Outstanding. I'm sure some of you know how I feel about Ms. Roberts, in that I think she is a seriously lousy, shallow writer. But apparently, because I have (to quote) an lady brain, I am supposed to go to Ms. Roberts' novels for my escape and entertainment. As someone who has escaped to and been entertained by Elmore Leonard's writing, I'm a touch confused. But again, that could just be my lady brain. Ohhh... but wait. HE GOES ON.

Women like stories in which a gal meets a handsome (and possibly dangerous) hunk on a tropic isle; men like to imagine going to war against an army of bad guys with a Beretta, a blowtorch, and a submachine gun (grenades hung on the belt optional.)

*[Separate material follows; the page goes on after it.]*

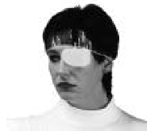
Anschütz Headband w/ Blinder

AHG Anschütz has come out with two blinders that are attached to headbands. One is a jointed blinder that can be tilted to all sides by a joint. These are infinitely adjustable to the shooter. The other is a non-reflective and scratch-resistant blinder.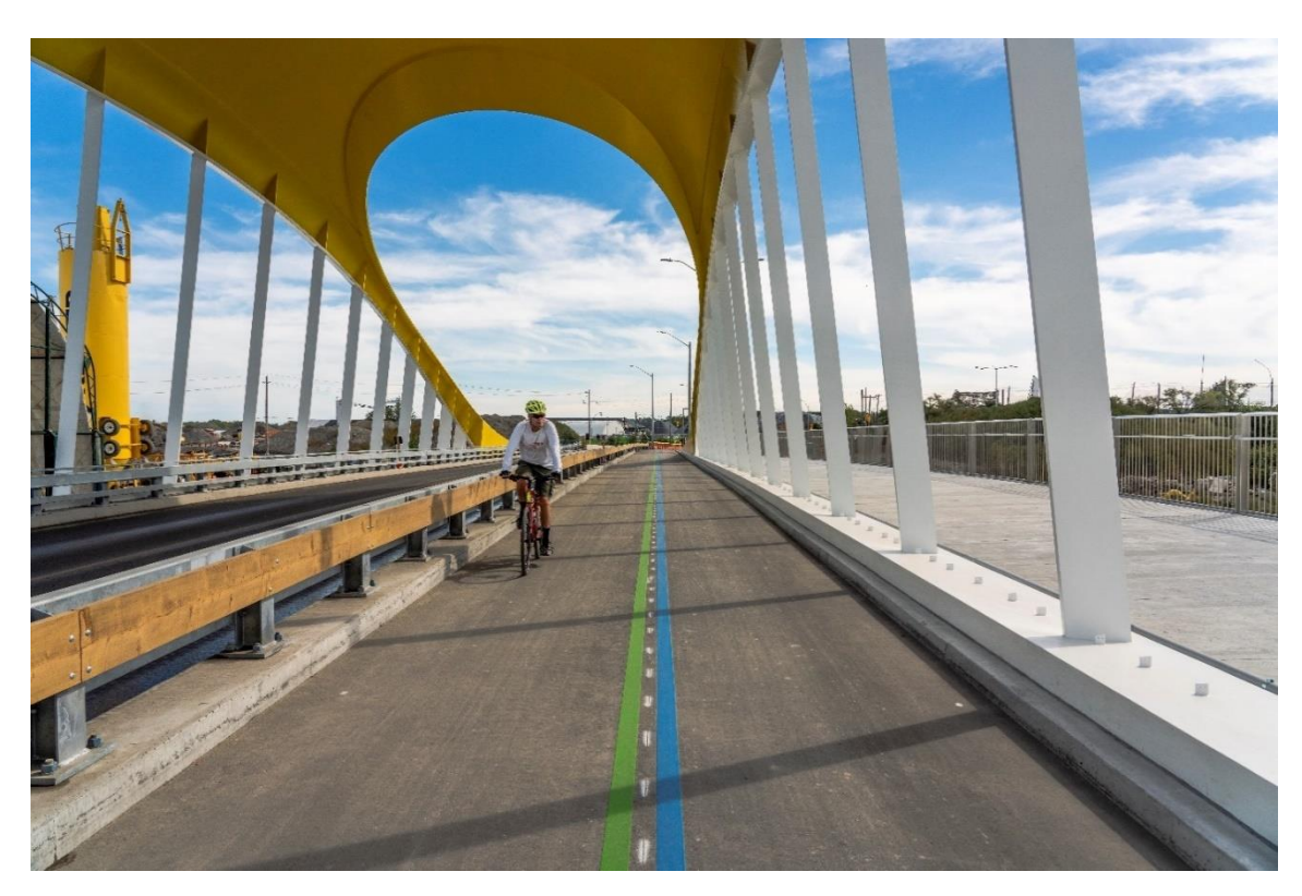
Above: The Cherry Street South Bridge opened to the public in October, 2022. It includes a fully separated bike lane and sidewalk.

I'm sorry. Gal? Did you just call me a GAL? I realize he's trying to be light and funny, but this man doesn't have a light or funny instinct in him and the awkward clunkiness of this paragraph just proves it. You would think that someone who's managed to complete as many books as Mr. King knows that he's generalizing here, and intends to because later on in the article, he will deftly pull the rug out from under us and make us realize that we, too, generalize, which is why Things Are The Way They Are. And then we the readers will realize that he is not only Funny, but also Brilliant for his nimble usage of the language.

Except for the next random grouping of words:

And current manfiction certainly gives women better deal than they got in the pulps of yesteryear, when most were presented as barracuda debs in frilly negligees.

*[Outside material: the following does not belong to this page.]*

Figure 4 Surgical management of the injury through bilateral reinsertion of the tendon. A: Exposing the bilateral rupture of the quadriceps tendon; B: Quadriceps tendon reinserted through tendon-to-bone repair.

Ugh. It's like listening to your grandpa trying to be current. But then, my grandfather doesn't mention the frikkin Drive-By Truckers every damn chance he gets, so at least there's that. He talks about Robert B. Parker's female character, claiming that she's exasperating (must be all that estrogen getting in the way of the bullets), but is relieved when Spenser and his dude partner Hawk (not Hawk from Buck Rogers, sadly) get to shoot some stuff up. Fuck the wimmin, let's do some shooting!! At this point in the article, I'm just mildly irritated. Well. QUITE irritated, but I'm only a third of the way through, and this man DOES tend to ramble on.

He claims that the fathers of manfiction are Raymond Chandler, Dashiell Hammett and John D. MacDonald, which is a little like the romance folk claiming Jane Austen and the Brontes, right? Then he goes on with this:

The best current manfiction writers? I'd say Michael Connelly, Robert Crais, Richard Stark and Lee Child. Connelly's Harry Bosch is a dogged cop who takes on the LAPD power structure as often as the bad guys.


And why would a mere girl be interested in crap like that?

His [Bosch's] current girlfriend, a very liberated woman, is an FBI agent.


Ugh. A "very liberated woman." Is she into the women's lib, then? Does she do the suffrage? Women working outside the home! CALL THE COUNCIL OF MORAL WHATNOT!!

Crais' creations - Elvis Cole and Joe Pike - are as tough as the combat boots they used to wear.


Which means, of course, that girls won't be interested. They just want to get to the Good Stuff, which is the romance Cole has with Lucy, only Lucy is really kinda boring, and got more shrill as the series wore on and clearly didn't have any place in Crais's universe. And even though Starkey would be a step up, Starkey's her own woman, and Cole fucking KNOWS it, so he doesn't go there. Even though he thinks about it. Often. And then he moves on. But see, I DON'T CARE. Because I LOVE those books, and I love them because they aren't about sex and romance and longing and tropic isles and hunks. They're about PEOPLE, you ASSHOLE. Not stereotypes. I have been reading Crais since Day fucking ONE. The notion that Crais is the gender-opposite of Nora Roberts sends me into paroxysms, into (I suppose girlish) gales of laughter. REALLY? Crais's subtle, breezy, tightly but effortlessly plotted character-driven stories are the equivalent of the find-and-replace queen, a woman who sets a series of books in the future just so she won't have to do the RESEARCH? You REALLY want to stick with that, Steve?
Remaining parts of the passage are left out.